About this exercise:
Only one stretch of the data is wanted: the line containing "pločnik, table ležijo", the line containing "Côté équestre, les", and every line between them, copied exactly.

Data for analysis:
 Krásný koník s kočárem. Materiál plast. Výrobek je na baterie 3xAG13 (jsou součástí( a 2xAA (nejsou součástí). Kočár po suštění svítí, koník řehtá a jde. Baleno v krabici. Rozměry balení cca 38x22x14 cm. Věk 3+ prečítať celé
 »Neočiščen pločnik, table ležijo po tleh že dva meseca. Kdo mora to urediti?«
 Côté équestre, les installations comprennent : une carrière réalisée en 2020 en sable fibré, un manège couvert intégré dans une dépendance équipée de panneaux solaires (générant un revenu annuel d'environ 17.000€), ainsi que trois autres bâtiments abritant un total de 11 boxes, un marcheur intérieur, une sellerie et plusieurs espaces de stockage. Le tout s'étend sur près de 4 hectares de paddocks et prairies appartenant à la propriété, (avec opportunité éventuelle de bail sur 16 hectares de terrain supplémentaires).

...

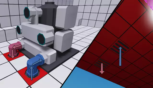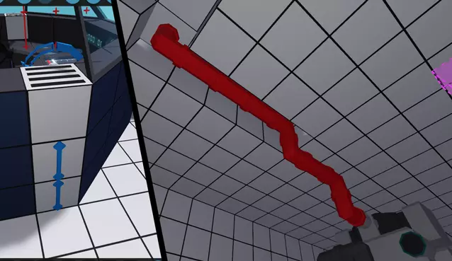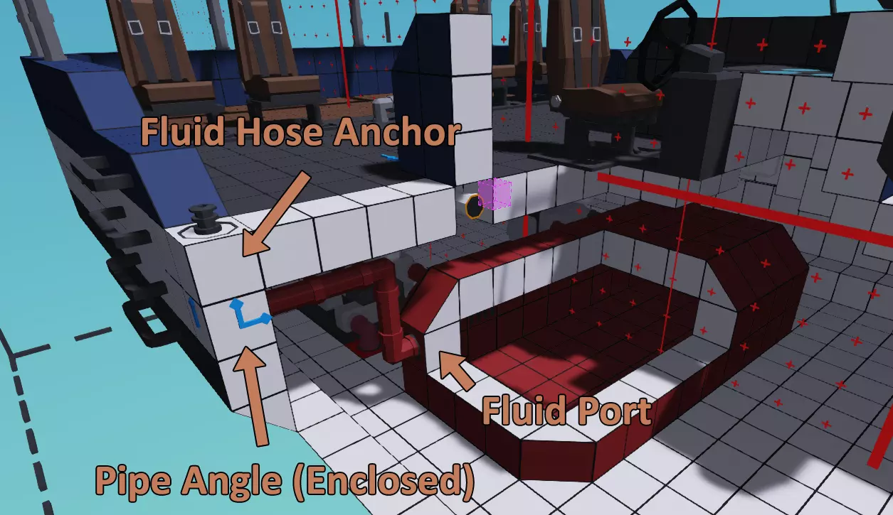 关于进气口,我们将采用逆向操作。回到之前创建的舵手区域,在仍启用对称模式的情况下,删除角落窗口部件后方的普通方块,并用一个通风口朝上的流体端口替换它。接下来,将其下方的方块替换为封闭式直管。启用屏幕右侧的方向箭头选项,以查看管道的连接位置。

Exercise response:
 »Neočiščen pločnik, table ležijo po tleh že dva meseca. Kdo mora to urediti?«
 Côté équestre, les installations comprennent : une carrière réalisée en 2020 en sable fibré, un manège couvert intégré dans une dépendance équipée de panneaux solaires (générant un revenu annuel d'environ 17.000€), ainsi que trois autres bâtiments abritant un total de 11 boxes, un marcheur intérieur, une sellerie et plusieurs espaces de stockage. Le tout s'étend sur près de 4 hectares de paddocks et prairies appartenant à la propriété, (avec opportunité éventuelle de bail sur 16 hectares de terrain supplémentaires).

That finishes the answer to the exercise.